Materials and Methods: A formalin-fixed human knee joint was scanned in its native configuration via computed tomography, and the bony contours of the femur and tibia were segmented to create femoral and tibial bone models. The models were subsequently three-dimensional printed and coated with an artificial cartilage layer in the native configuration. Polyvinyl siloxane was used, which is biomechanically similar to native cartilage, devoid of MRI artifacts, and offers favorable processing properties. A circular 8-mm-diameter defect was punched out of the artificial cartilage layer of the medial femoral condyle, into which native cartilage specimens of corresponding dimensions were inserted. By control of displacement (i.e., 2.5 mm [δ2.5] and 5.0 mm [δ5.0]), the mobile tibia was axially displaced in relation to the fixed femur, and the loading-induced changes of macroscopically intact human knee-cartilage specimens (n = 10) were examined by MRI. Serial proton-density weighted/turbo spin-echo and T2-weighted multiple spin-echo sequences were acquired on a clinical 3-T MRI system (Achieva, Philips) and referenced to biomechanical (unconfined compression loading) and histopathologic standard evaluation methods (Mankin grading).

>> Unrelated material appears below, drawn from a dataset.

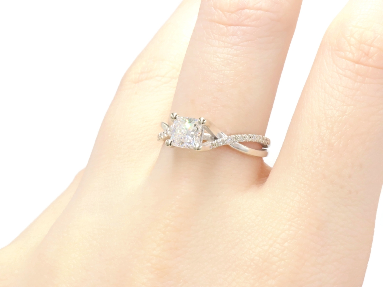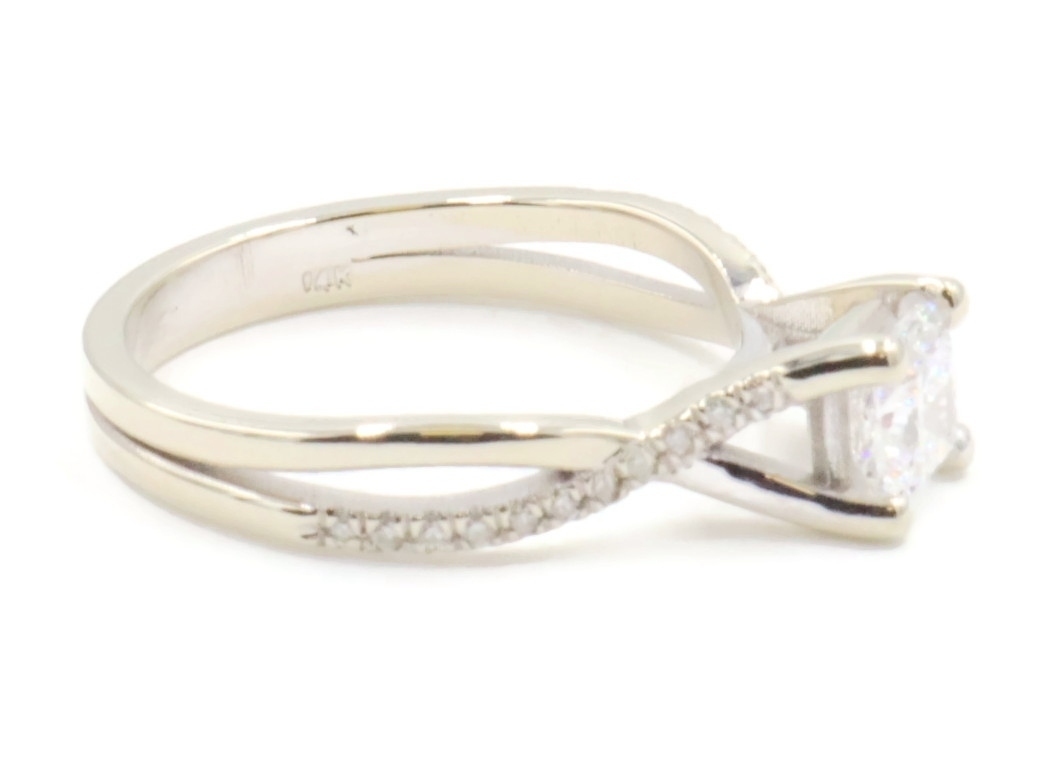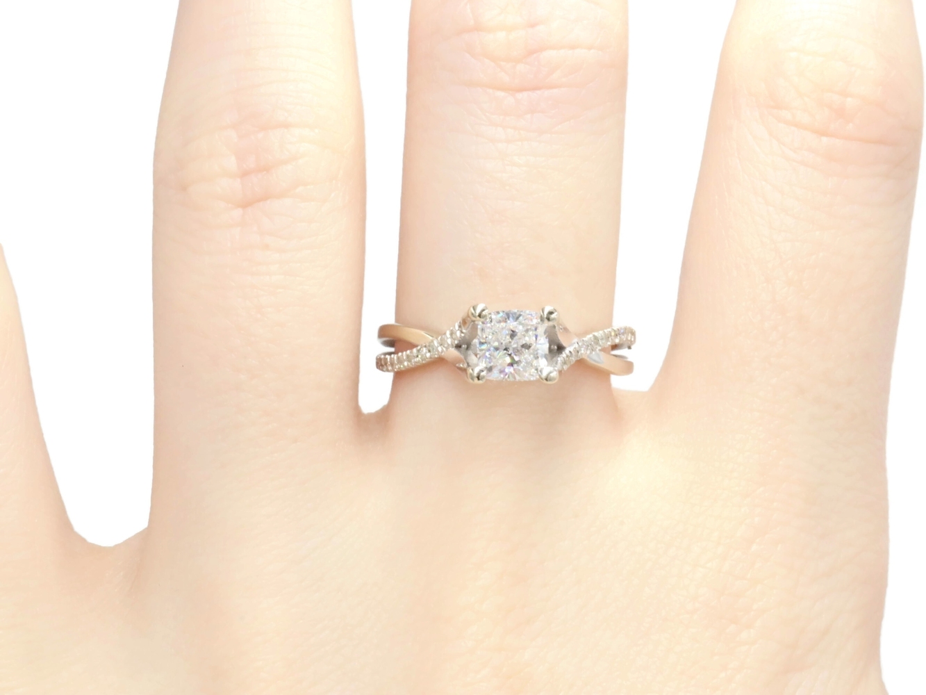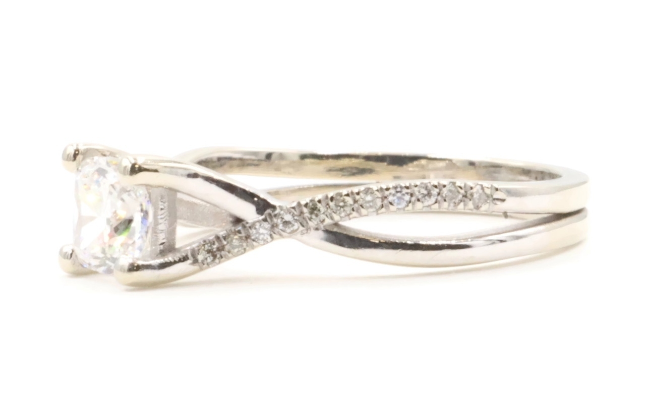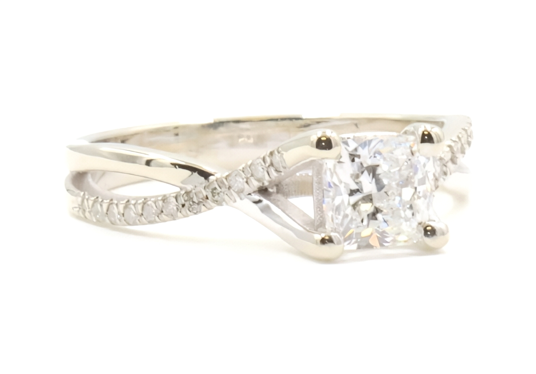 0.80 ctw Cushion Cut Lab Grown Diamond & Natural Diamond 14KT White Gold Ring | USA Pawn

Results: The cartilage specimens could be visualized and evaluated in their entirety by MRI before and under loading. The forces acting on the entire joint were 141 ± 8 N (δ2.5) and 906 ± 38 N (δ5.0), and the corresponding pressures created at the site of the native cartilage specimen were 0.68 ± 0.09 MPa (δ2.5) and 1.05 ± 0.10 MPa (δ5.0). Loading induced significant decreases in sample height as well as a loss in T2 signal intensity, thereby indicating extensive and coherent sample pressurization. Reference evaluation revealed all cartilage samples to be histologically intact and biomechanically homogeneous.
Conclusion: This study demonstrates the feasibility of assessing loading-induced changes of human articular cartilage by multiparametric MRI in an experimental in situ setting and in reference to histology and biomechanics. Future studies will show whether the functional analysis of articular cartilage beyond mere static analysis allows the earlier detection of osteoarthritis and/or its more refined graduation.